# RECORDS
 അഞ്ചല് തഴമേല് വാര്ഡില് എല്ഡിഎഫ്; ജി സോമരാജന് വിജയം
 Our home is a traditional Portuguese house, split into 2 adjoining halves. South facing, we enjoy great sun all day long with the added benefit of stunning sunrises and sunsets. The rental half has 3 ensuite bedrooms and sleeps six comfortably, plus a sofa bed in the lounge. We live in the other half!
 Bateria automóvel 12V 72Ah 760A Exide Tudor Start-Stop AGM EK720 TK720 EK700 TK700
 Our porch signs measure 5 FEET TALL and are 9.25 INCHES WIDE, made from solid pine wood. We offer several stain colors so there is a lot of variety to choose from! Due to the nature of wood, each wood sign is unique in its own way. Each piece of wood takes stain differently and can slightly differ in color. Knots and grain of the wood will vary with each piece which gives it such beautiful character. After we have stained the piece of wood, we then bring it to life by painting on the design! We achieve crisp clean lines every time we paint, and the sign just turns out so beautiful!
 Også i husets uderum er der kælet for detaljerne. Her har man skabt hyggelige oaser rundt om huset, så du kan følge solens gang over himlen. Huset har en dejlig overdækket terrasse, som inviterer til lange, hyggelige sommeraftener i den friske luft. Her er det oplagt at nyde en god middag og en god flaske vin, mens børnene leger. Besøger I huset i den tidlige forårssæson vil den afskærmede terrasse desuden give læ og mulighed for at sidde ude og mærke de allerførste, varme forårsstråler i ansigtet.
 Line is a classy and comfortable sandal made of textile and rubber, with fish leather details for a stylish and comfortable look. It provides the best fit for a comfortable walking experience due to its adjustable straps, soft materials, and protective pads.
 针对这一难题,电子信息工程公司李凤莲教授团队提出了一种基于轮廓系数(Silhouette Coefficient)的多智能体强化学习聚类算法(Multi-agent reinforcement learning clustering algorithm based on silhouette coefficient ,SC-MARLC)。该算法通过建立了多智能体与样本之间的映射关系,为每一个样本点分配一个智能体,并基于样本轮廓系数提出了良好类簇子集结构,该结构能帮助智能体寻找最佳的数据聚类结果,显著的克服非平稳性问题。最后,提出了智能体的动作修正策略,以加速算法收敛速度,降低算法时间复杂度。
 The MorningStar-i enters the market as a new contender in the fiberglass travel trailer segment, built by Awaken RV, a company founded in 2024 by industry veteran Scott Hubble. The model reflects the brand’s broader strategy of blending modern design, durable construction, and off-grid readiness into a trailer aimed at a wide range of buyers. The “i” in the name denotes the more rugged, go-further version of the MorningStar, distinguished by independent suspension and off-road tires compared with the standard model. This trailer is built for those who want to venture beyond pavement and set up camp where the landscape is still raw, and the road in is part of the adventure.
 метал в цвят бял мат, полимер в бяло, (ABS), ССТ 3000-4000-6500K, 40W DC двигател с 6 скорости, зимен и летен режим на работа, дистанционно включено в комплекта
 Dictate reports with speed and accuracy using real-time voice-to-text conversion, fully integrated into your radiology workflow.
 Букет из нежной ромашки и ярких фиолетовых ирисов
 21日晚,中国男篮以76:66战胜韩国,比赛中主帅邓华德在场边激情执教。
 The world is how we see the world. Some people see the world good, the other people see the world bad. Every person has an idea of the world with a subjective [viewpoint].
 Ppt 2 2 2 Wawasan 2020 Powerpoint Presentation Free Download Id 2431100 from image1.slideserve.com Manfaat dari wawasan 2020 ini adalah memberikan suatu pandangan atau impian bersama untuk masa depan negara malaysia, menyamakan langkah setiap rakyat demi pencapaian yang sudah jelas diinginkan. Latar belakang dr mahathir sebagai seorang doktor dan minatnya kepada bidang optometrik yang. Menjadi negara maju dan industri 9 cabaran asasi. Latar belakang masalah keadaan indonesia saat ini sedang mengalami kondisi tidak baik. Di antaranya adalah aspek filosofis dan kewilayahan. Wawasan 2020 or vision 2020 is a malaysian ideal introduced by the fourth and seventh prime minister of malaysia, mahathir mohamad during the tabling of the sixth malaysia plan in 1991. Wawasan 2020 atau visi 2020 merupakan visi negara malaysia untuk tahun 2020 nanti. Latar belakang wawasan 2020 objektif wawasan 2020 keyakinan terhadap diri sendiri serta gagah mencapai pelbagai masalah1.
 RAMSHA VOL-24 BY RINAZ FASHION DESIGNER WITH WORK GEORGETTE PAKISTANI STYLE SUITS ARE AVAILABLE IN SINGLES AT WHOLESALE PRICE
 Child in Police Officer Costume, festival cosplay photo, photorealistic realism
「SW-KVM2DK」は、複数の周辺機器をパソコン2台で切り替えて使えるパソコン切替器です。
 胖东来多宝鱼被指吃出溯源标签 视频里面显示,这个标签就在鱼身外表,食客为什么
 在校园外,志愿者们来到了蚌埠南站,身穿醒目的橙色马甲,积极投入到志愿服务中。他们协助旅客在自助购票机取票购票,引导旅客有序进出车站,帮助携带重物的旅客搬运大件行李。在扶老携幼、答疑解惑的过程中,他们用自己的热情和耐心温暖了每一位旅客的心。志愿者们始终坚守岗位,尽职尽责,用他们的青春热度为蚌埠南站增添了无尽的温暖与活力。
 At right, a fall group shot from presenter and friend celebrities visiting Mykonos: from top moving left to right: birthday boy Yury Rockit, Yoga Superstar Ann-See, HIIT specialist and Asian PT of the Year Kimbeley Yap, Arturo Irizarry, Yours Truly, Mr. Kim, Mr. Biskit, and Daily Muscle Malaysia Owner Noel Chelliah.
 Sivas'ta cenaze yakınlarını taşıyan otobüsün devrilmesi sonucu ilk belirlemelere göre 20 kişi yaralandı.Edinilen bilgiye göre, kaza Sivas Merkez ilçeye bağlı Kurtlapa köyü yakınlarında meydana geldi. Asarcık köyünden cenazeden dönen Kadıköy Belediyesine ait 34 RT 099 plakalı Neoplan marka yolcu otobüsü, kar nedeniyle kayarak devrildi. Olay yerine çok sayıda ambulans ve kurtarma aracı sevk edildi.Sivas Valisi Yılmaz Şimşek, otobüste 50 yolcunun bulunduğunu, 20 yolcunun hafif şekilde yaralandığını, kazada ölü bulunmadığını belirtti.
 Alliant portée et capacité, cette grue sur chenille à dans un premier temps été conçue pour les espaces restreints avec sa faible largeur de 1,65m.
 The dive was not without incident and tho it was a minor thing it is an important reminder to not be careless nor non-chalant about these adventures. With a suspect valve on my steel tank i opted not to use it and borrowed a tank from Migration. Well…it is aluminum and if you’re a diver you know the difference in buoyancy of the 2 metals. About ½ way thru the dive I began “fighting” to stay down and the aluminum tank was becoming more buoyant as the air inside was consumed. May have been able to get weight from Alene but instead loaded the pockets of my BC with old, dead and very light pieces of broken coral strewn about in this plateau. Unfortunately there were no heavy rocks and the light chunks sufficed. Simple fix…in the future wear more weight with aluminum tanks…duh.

# REQUIRED WORK
Output the listing above in full. Every line must match.

# SOLUTION TO THIS EXERCISE
 അഞ്ചല് തഴമേല് വാര്ഡില് എല്ഡിഎഫ്; ജി സോമരാജന് വിജയം
 Our home is a traditional Portuguese house, split into 2 adjoining halves. South facing, we enjoy great sun all day long with the added benefit of stunning sunrises and sunsets. The rental half has 3 ensuite bedrooms and sleeps six comfortably, plus a sofa bed in the lounge. We live in the other half!
 Bateria automóvel 12V 72Ah 760A Exide Tudor Start-Stop AGM EK720 TK720 EK700 TK700
 Our porch signs measure 5 FEET TALL and are 9.25 INCHES WIDE, made from solid pine wood. We offer several stain colors so there is a lot of variety to choose from! Due to the nature of wood, each wood sign is unique in its own way. Each piece of wood takes stain differently and can slightly differ in color. Knots and grain of the wood will vary with each piece which gives it such beautiful character. After we have stained the piece of wood, we then bring it to life by painting on the design! We achieve crisp clean lines every time we paint, and the sign just turns out so beautiful!
 Også i husets uderum er der kælet for detaljerne. Her har man skabt hyggelige oaser rundt om huset, så du kan følge solens gang over himlen. Huset har en dejlig overdækket terrasse, som inviterer til lange, hyggelige sommeraftener i den friske luft. Her er det oplagt at nyde en god middag og en god flaske vin, mens børnene leger. Besøger I huset i den tidlige forårssæson vil den afskærmede terrasse desuden give læ og mulighed for at sidde ude og mærke de allerførste, varme forårsstråler i ansigtet.
 Line is a classy and comfortable sandal made of textile and rubber, with fish leather details for a stylish and comfortable look. It provides the best fit for a comfortable walking experience due to its adjustable straps, soft materials, and protective pads.
 针对这一难题,电子信息工程公司李凤莲教授团队提出了一种基于轮廓系数(Silhouette Coefficient)的多智能体强化学习聚类算法(Multi-agent reinforcement learning clustering algorithm based on silhouette coefficient ,SC-MARLC)。该算法通过建立了多智能体与样本之间的映射关系,为每一个样本点分配一个智能体,并基于样本轮廓系数提出了良好类簇子集结构,该结构能帮助智能体寻找最佳的数据聚类结果,显著的克服非平稳性问题。最后,提出了智能体的动作修正策略,以加速算法收敛速度,降低算法时间复杂度。
 The MorningStar-i enters the market as a new contender in the fiberglass travel trailer segment, built by Awaken RV, a company founded in 2024 by industry veteran Scott Hubble. The model reflects the brand’s broader strategy of blending modern design, durable construction, and off-grid readiness into a trailer aimed at a wide range of buyers. The “i” in the name denotes the more rugged, go-further version of the MorningStar, distinguished by independent suspension and off-road tires compared with the standard model. This trailer is built for those who want to venture beyond pavement and set up camp where the landscape is still raw, and the road in is part of the adventure.
 метал в цвят бял мат, полимер в бяло, (ABS), ССТ 3000-4000-6500K, 40W DC двигател с 6 скорости, зимен и летен режим на работа, дистанционно включено в комплекта
 Dictate reports with speed and accuracy using real-time voice-to-text conversion, fully integrated into your radiology workflow.
 Букет из нежной ромашки и ярких фиолетовых ирисов
 21日晚,中国男篮以76:66战胜韩国,比赛中主帅邓华德在场边激情执教。
 The world is how we see the world. Some people see the world good, the other people see the world bad. Every person has an idea of the world with a subjective [viewpoint].
 Ppt 2 2 2 Wawasan 2020 Powerpoint Presentation Free Download Id 2431100 from image1.slideserve.com Manfaat dari wawasan 2020 ini adalah memberikan suatu pandangan atau impian bersama untuk masa depan negara malaysia, menyamakan langkah setiap rakyat demi pencapaian yang sudah jelas diinginkan. Latar belakang dr mahathir sebagai seorang doktor dan minatnya kepada bidang optometrik yang. Menjadi negara maju dan industri 9 cabaran asasi. Latar belakang masalah keadaan indonesia saat ini sedang mengalami kondisi tidak baik. Di antaranya adalah aspek filosofis dan kewilayahan. Wawasan 2020 or vision 2020 is a malaysian ideal introduced by the fourth and seventh prime minister of malaysia, mahathir mohamad during the tabling of the sixth malaysia plan in 1991. Wawasan 2020 atau visi 2020 merupakan visi negara malaysia untuk tahun 2020 nanti. Latar belakang wawasan 2020 objektif wawasan 2020 keyakinan terhadap diri sendiri serta gagah mencapai pelbagai masalah1.
 RAMSHA VOL-24 BY RINAZ FASHION DESIGNER WITH WORK GEORGETTE PAKISTANI STYLE SUITS ARE AVAILABLE IN SINGLES AT WHOLESALE PRICE
 Child in Police Officer Costume, festival cosplay photo, photorealistic realism
「SW-KVM2DK」は、複数の周辺機器をパソコン2台で切り替えて使えるパソコン切替器です。
 胖东来多宝鱼被指吃出溯源标签 视频里面显示,这个标签就在鱼身外表,食客为什么
 在校园外,志愿者们来到了蚌埠南站,身穿醒目的橙色马甲,积极投入到志愿服务中。他们协助旅客在自助购票机取票购票,引导旅客有序进出车站,帮助携带重物的旅客搬运大件行李。在扶老携幼、答疑解惑的过程中,他们用自己的热情和耐心温暖了每一位旅客的心。志愿者们始终坚守岗位,尽职尽责,用他们的青春热度为蚌埠南站增添了无尽的温暖与活力。
 At right, a fall group shot from presenter and friend celebrities visiting Mykonos: from top moving left to right: birthday boy Yury Rockit, Yoga Superstar Ann-See, HIIT specialist and Asian PT of the Year Kimbeley Yap, Arturo Irizarry, Yours Truly, Mr. Kim, Mr. Biskit, and Daily Muscle Malaysia Owner Noel Chelliah.
 Sivas'ta cenaze yakınlarını taşıyan otobüsün devrilmesi sonucu ilk belirlemelere göre 20 kişi yaralandı.Edinilen bilgiye göre, kaza Sivas Merkez ilçeye bağlı Kurtlapa köyü yakınlarında meydana geldi. Asarcık köyünden cenazeden dönen Kadıköy Belediyesine ait 34 RT 099 plakalı Neoplan marka yolcu otobüsü, kar nedeniyle kayarak devrildi. Olay yerine çok sayıda ambulans ve kurtarma aracı sevk edildi.Sivas Valisi Yılmaz Şimşek, otobüste 50 yolcunun bulunduğunu, 20 yolcunun hafif şekilde yaralandığını, kazada ölü bulunmadığını belirtti.
 Alliant portée et capacité, cette grue sur chenille à dans un premier temps été conçue pour les espaces restreints avec sa faible largeur de 1,65m.
 The dive was not without incident and tho it was a minor thing it is an important reminder to not be careless nor non-chalant about these adventures. With a suspect valve on my steel tank i opted not to use it and borrowed a tank from Migration. Well…it is aluminum and if you’re a diver you know the difference in buoyancy of the 2 metals. About ½ way thru the dive I began “fighting” to stay down and the aluminum tank was becoming more buoyant as the air inside was consumed. May have been able to get weight from Alene but instead loaded the pockets of my BC with old, dead and very light pieces of broken coral strewn about in this plateau. Unfortunately there were no heavy rocks and the light chunks sufficed. Simple fix…in the future wear more weight with aluminum tanks…duh.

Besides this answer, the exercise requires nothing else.